Il me semblerait même que cela (le rêve fracassé de la globalisation) explique la folie qui a transformé Washington D.C. en “D.C.-la-folle”, tandis qu’apparaît le second événement qui marque cette rupture rugissante... L’outil fantastique de puissance, qui semblait au service de la globalisation, qui chaque jour la trahit un peu plus ! Le système de la communication triomphant signe son empire sur le monde en apparaissant comme un Janus qui poignarde la globalisation dans le dos, répandant partout les alertes et les fantasmes de Covid-19, remplaçant le chaos de 2014-2015 par l’attaque de la contagion, cette Grande Peur des Ancien Temps retournée contre la globalisation de l’hypermodernité elle-même. Les talk-shows et le reste de la caravane médiatique, fleuron du système de la communication plongé dans la dissection sans fin de la pandémie qui nous assaille et de la panique qu’il ne faut pas éprouver, a développé une pandémie pire que Covid-19, – et ainsi a-t-il mis, ce fleuron de la communication, en état d’accusation impitoyable la globalisation elle-même... La globalisation gémissant de douleur et rugissant de fureur !

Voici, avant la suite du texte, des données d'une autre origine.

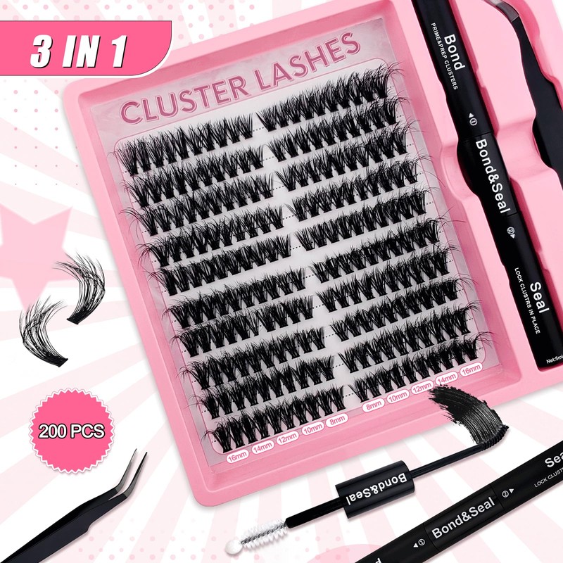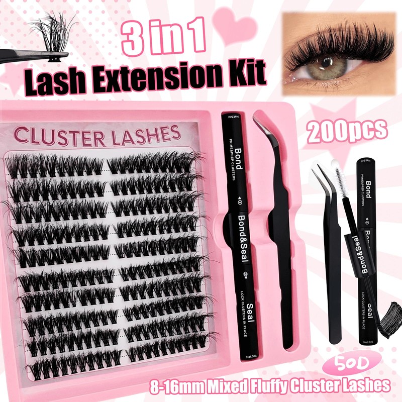 - Fluffy cluster eyelash extension kit: fluffy volume eyelash extension kit, which contains 200 pieces 8-16 mm mixed fluffy individual eyelashes, 10 ml 2-in-1 eyelash binding and seal, 1 eyelash applicator tweezers. Everything you need is right here. Save money and time now! Simply get the luxurious eyelash extension look.

On sent bien alors, sans y réfléchir longtemps, mais prenant plutôt le phénomène avec son intuition, comme une chose allant de soi, on sent bien qu’on se trouve emporté dans une mécanique, un enchaînement qui porte en lui la mort du Système... Je dis bien “enchaînement” comme avec une chaîne : la folie de la surpuissance de ce que nous nommons ici “déchaînement de la Matière”, qui nous a emportés jusque dans ces affreuses convulsions de sa folie destructrice, nous conduisant enfin, comme l’on se débarrasse d’un simulacre qui pourrait être un masque, à l’emprisonnement qu’est l’enchaînement de l’effondrement et de la chute, c’est-à-dire à l’autodestruction.
Pour ce qui est de ces “Quarantième rugissants” et de ces “Cinquantièmes Hurlants” que j'ai évoqués à propos de nos “Vingtièmes”, un vieux dicton des vieux marins des Temps Anciens disait de ces terribles latitudes d’un Sud ressemblant à l’Enfer glacé : « Sous les 40 degrés, il n’y a plus de loi, mais sous les 50 degrés, il n’y a plus de Dieu. » C’est comme si nous étions arrivés au terme de nos tempêtes qui balaient le cap ultime de la modernité battu par les vents, ayant brisé les lois et chassé Dieu, et que nous nous retrouvions plongés dans la tempête ultime mais aussi suprême, celle qui nous place devant nous-mêmes et devant l’alchimie saccagée de notre simulacre d’ “œuvre au noir” si diaboliquement cochonnée, pour balayer tout cela et toutes nos illusions, et enfin nous balayer nous-mêmes selon ce que nous avons fait pitoyablement de nous-mêmes.